Uncertainties and the wrong decisions made to solve them can happen in all kinds of business contexts: Would a sales force be more productive if its fixed income level was changed from 30 to 70 percent? Would adding a new product category attract more customers and raise overall profit? Would the digitalization of both baggage check-in and the retrieval of lost baggage lead to customer resentment and make them switch airlines? Or would the opposite be true, with customers considering digitalization to be a sign that an airline is staying up to date?
In each case, those in charge may have hunches, or even stronger feelings, that is, the irrevocable notion that what they believe is right. If it works, no one will be able to plausibly say why; if it doesn’t, same story.
Take the case of Ron Johnson, who left Apple to become the CEO of JCPenney. Instead of staying with JCPenney’s traditional coupons and clearance racks, he and his team innovated. They filled the space with brand names and boutiques. In addition, technology replaced cashiers, cash registers, and checkout counters. It did not take long until sales nosedived, losses rocketed sky-high, and Ron Johnson left JCPenney.
Before this had happened, testing should have been done. Testing entails implementing something new for a random group of customers, or employees, or conducting tests in stores, and not implementing the change for a control group. By comparing results between the test group and the control group, we can, in fact, discover what works and what might just be our fantasy of things that might work.
Therefore, testing is useful – but not in all cases. Testing makes sense when the results are measurable, not in cases of large-scale strategies. It will not tell you whether you should enter an emerging market nor help you with other major strategy decisions. Instead, it is a method to check the effects of innovations or changes regarding, for example, how your customers will react to a new product, new taste, or new technology, or what the reaction will be if you include high-end products in your low-budget portfolio.

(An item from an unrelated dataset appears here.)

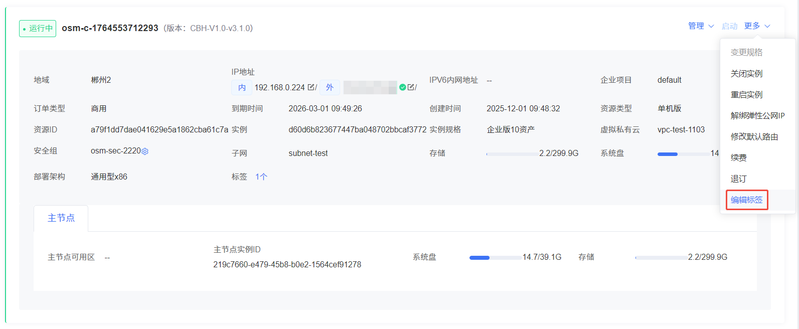 选择需要添加标签的堡垒机实例,单击“更多 > 编辑标签”。

Depending on the industry and the results you are after, small experiments might even do. Yahoo! typically runs 20 or so experiments at any one time, manipulating things such as colors, placement of advertisements, and location of text and buttons. These little experiments can have big effects, like the one showing that simply moving the search box from the side to the center of the home page increased the click-through rate enough to bring in about $20 million more in advertising revenue a year.